Zum Hintergrund: Von einer nicht kastrierten Katze und deren Jungen kann es innerhalb eines Jahres bis zu 35 Nachkommen geben. „Und Straßenkatzen stammen von nicht kastrierten Hauskatzen ab; sie sind meist sehr scheu und führen täglich einen harten Kampf ums Überleben – oft im Verborgenen und ohne menschliche Zuwendung“, erklärt Thomas Schröder, Präsident des Deutschen Tierschutzbundes. „Nur durch eine Kastration kann man verhindern, dass sich die Tiere weiter unkontrolliert fortpflanzen.“

Aktuell gibt es in Schleswig-Holstein schätzungsweise 60 000 bis 70 000 frei lebende Straßenkatzen. Die bisher im Land durchgeführten Kastrationsaktionen – insgesamt sechs zwischen 2014 und 2018 – werden als vorbildliche Zusammenarbeit von Land, beteiligten Kommunen, Tierschutzverbänden und Tierärzteschaft angesehen. Insgesamt konnten so 14 262 Katzen, davon etwa 60 Prozent weibliche Tiere und 40 Prozent Kater, behandelt werden.

Hansestadt hält sich noch zurück

„Hier bei uns in Lübeck waren es jeweils rund 40 Katzen pro Aktion“, sagt Susanne Tolkmitt. Normalerweise kostet diese Behandlung einer Katze inklusive der Markierung durch chippen rund 140 Euro; bei einem Kater zahlt man 85 Euro. Während der Aktion verzichten Tierärzte jedoch auf ihr Honorar. Die verbleibenden Kosten werden noch von den Projektbeteiligten – so auch aus der Kommune – bezuschusst; so gibt das Land zum Beispiel allein 90 000 Euro dazu.

„Es ist aber sehr bedauerlich, dass es bei der neuesten Aktion bisher keine Finanzierungszusage aus der Lübecker Verwaltung gibt, obwohl die landesweite Kampagne schon seit anderthalb Wochen läuft. Bis jetzt gab es noch keinerlei Gespräche mit dem Senator“, berichtet die erste Vorsitzende des Tierschutzvereins.

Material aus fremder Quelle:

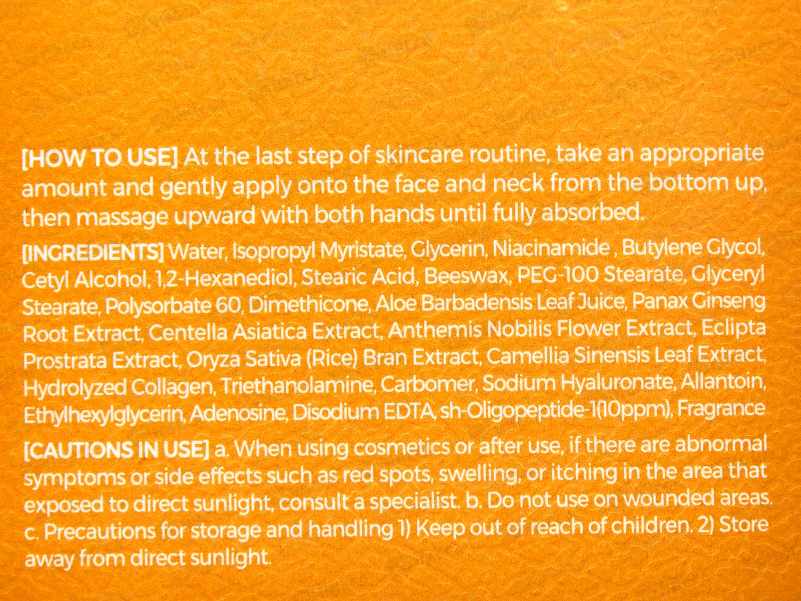 Состав: вода, метилпропандиол, глицерин, каприловый/каприновый триглицерид, дипропиленгликоль, цетилэтилгексаноат, ниацинамид, изопропилмиристат, масло ши, гиалуронат натрия, цетиловый спирт, хлорфенезин, бутиленгликоль, феноксиэтанол, динатриевая соль ЭДТА, дикалийглицирризат, карбомер, аргинин, 1,2-гександиол, экстракт зеленого чая, глицерилстеарат, стеариновая кислота, диметикон, SH-олигопептид-1 (10 частей на миллион), гидролизованный коллаген, бетаин, трегалоза, колисилбат 60, сесквиолеат сорбитана, аденозин, аллантоин, вода из прованской розы, экстракт центеллы азиатской, экстракт цветков ромашки, экстракт гамамелиса виргинского, экстракт листьев алоэ вера, отдушка.

Dabei seien unter anderem Städte wie Kiel, Itzehoe, Flensburg sowie ganz viele Gemeinden wieder dabei. „Möglicherweise regt sich ja noch etwas in der Stadt“, hat sie die Hoffnung noch nicht aufgegeben. Schließlich sei der Effekt so einer Aktion hilfreich, um das Katzenelend etwas eindämmen zu können.

Workshop für Hundefreunde

Das Tierheim Kücknitz bietet im November den Familienworkshop „Wir möchten einen Hund!“ , am Sonnabend, 16. November, sowie Sonntag, 17. November, jeweils von 10 bis 14 Uhr.

Es geht um Fragen wie „Welcher Hund passt zur Familiensituation?“, „Wieviel Zeit muss ich für einen Hund im Alltag haben?“ und „Welche Form der Beschäftigung mit Ihrem Hund würde auch Ihnen Spaß machen?“. Dieser Workshop eignet sich zum einen als Vorbereitung auf einen eigenen Hund, aber auch um den Hund und sein Verhalten besser kennenzulernen.